London, Feb 12 (UNI) Napoleon Bonaparte, the famous French emperor and one of the greatest military commanders in history did not die of arsenic poisoning, a new study claims.
In 1961, an elevated level of arsenic was found in Napoleon's hair, inspiring widespread rumours about the cause of his demise.
But the new study has concluded there was no significant increase in arsenic levels in his last years.
After nearly 200 years of debate about what killed the French emperor, researchers at Italy's National Institute of Nuclear Physics (INFN) have examined his hair to shed light on the suggestion that he was poisoned by guards during his exile in Saint Helena, an island in the South Atlantic, following the Battle of Waterloo.
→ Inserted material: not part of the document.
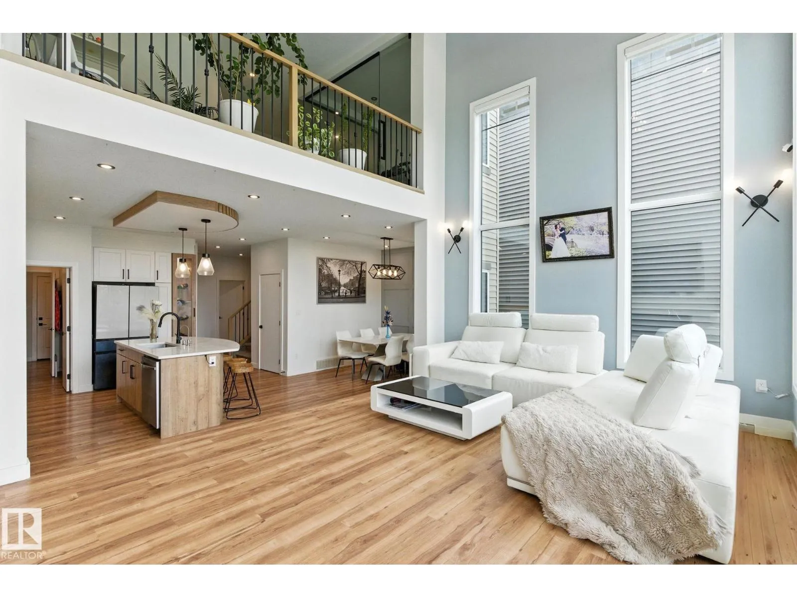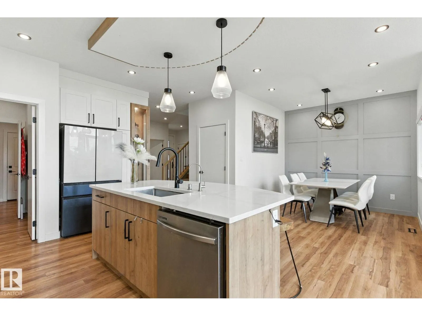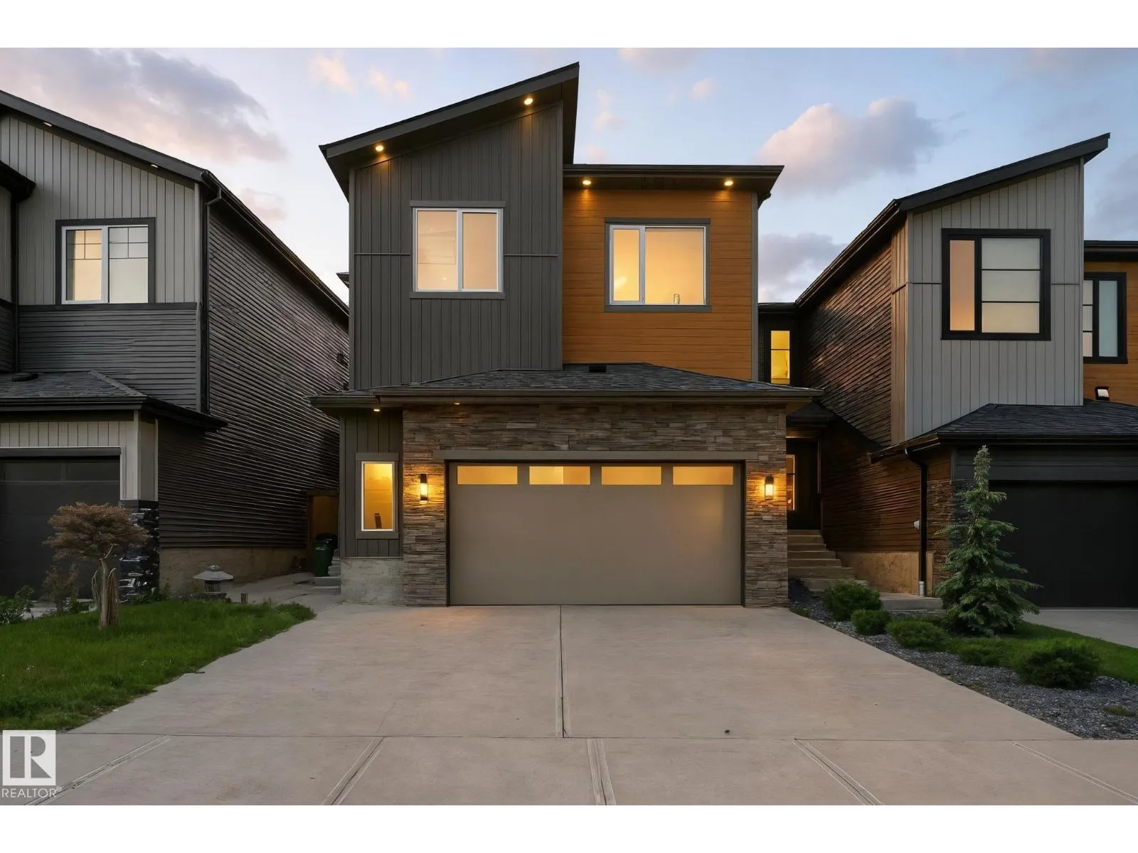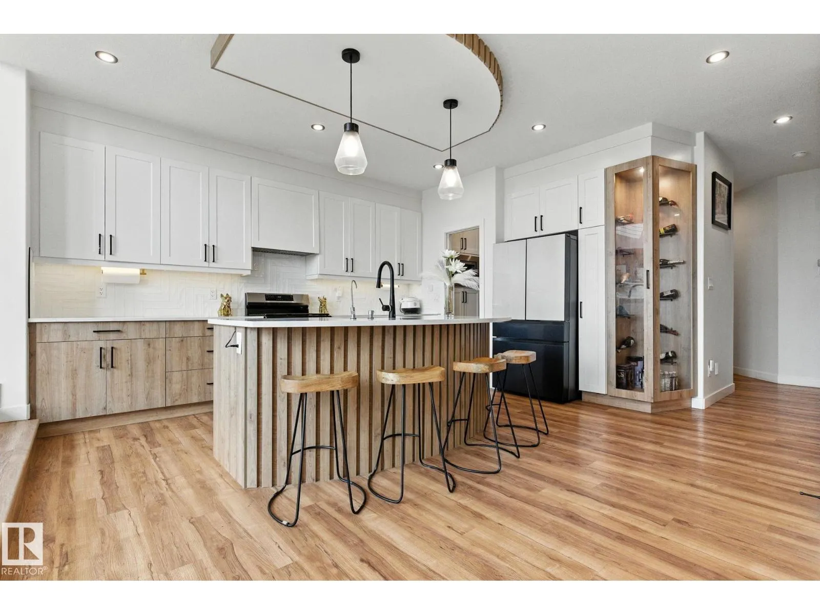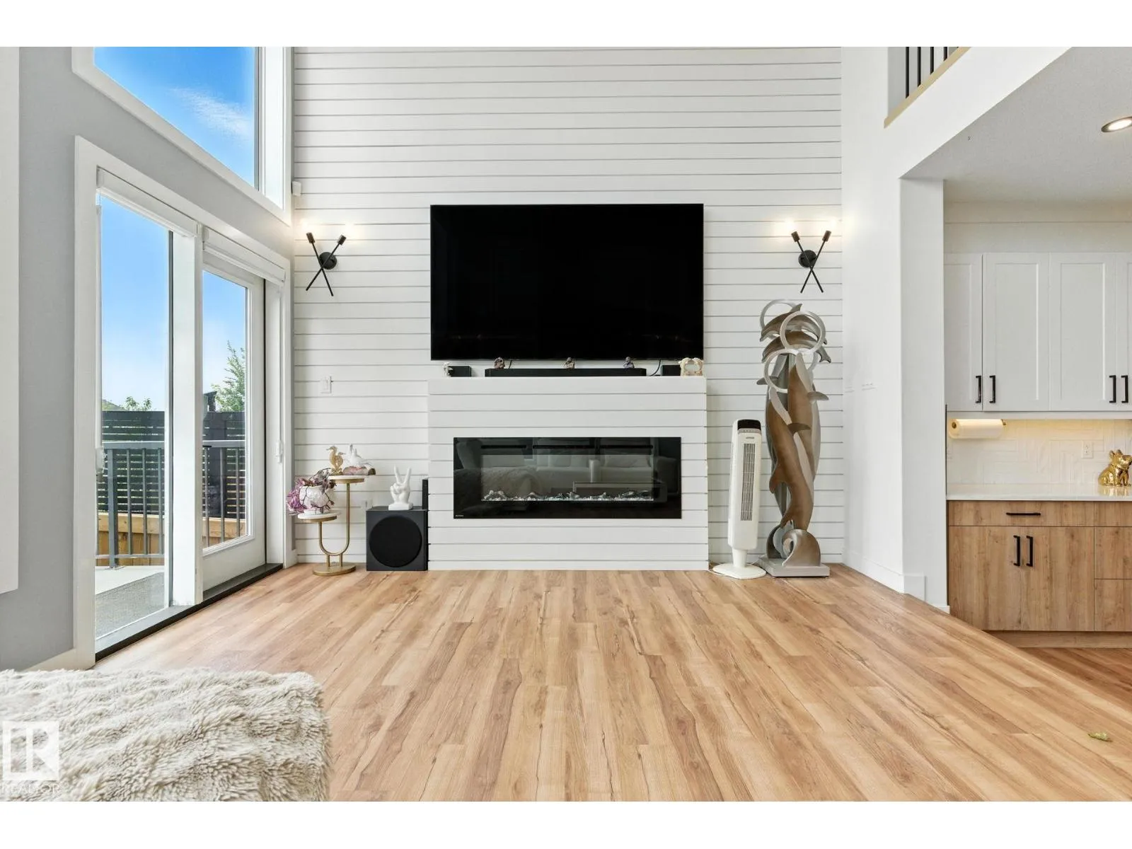 In the growing community of Kinglet Gardens, this home combines style and functionality, featuring elegant flooring, accent walls, upgraded lighting, and a kitchen with warm wood tones, built-in wine storage, and modern appliances. The main floor offers a dining area, full bathroom, and a flexible office or bedroom, while the open-to-above living room with floor-to-ceiling windows allows natural light to fill the space and creates a sense of openness. Upstairs includes a bonus room, a space suitable for a gym or meditation area, and a primary suite with coffered ceilings, barn door, ensuite with dual sinks, and a walk-in closet connected to the laundry, along with two additional bedrooms and a full bathroom. The finished basement features a separate side entrance, wet bar, entertainment area, and a den that can be used for work, guests, or hobbies, with additional storage and utility spaces. Located near schools, parks, and main roadways, the home supports a well-connected and convenient lifestyle. (id:27476)

The work provides indirect support for the suggestion that Napoleon died of stomach cancer linked to a poor diet, published in the journal Nature Clinical Practice Gastroenterology by Dr Robert Genta and colleagues. His risk of cancer might have been increased by his diet of salt-preserved foods which lacked in fruits and vegetables.
For the current research, the team of scientists compared samples held by French and Italian museums, dating from when Napoleon was a boy in Corsica; during his exile on the Island of Elba; on the day of his death (May 5, 1821) on the Island of Saint Helena; and the day after his death.
It was found Napoleon's hair had an average arsenic level of around ten parts per million whereas the arsenic level in the hair samples from today was around one tenth of a part per one million.
But the levels in Napoleon's hair were typical of those seen in the people at the beginning of the 19th century which included Napoleon's son also. The arsenic levels when Napoleon was a boy and during his final days in Saint Helena were also similar, as reported by the Daily Telegraph.
Napoleon conquered much of Europe, but was ultimately defeated at the Battle of Waterloo in 1815. The British then exiled him to St Helena. He died on May 5, 1821, at the age of 51.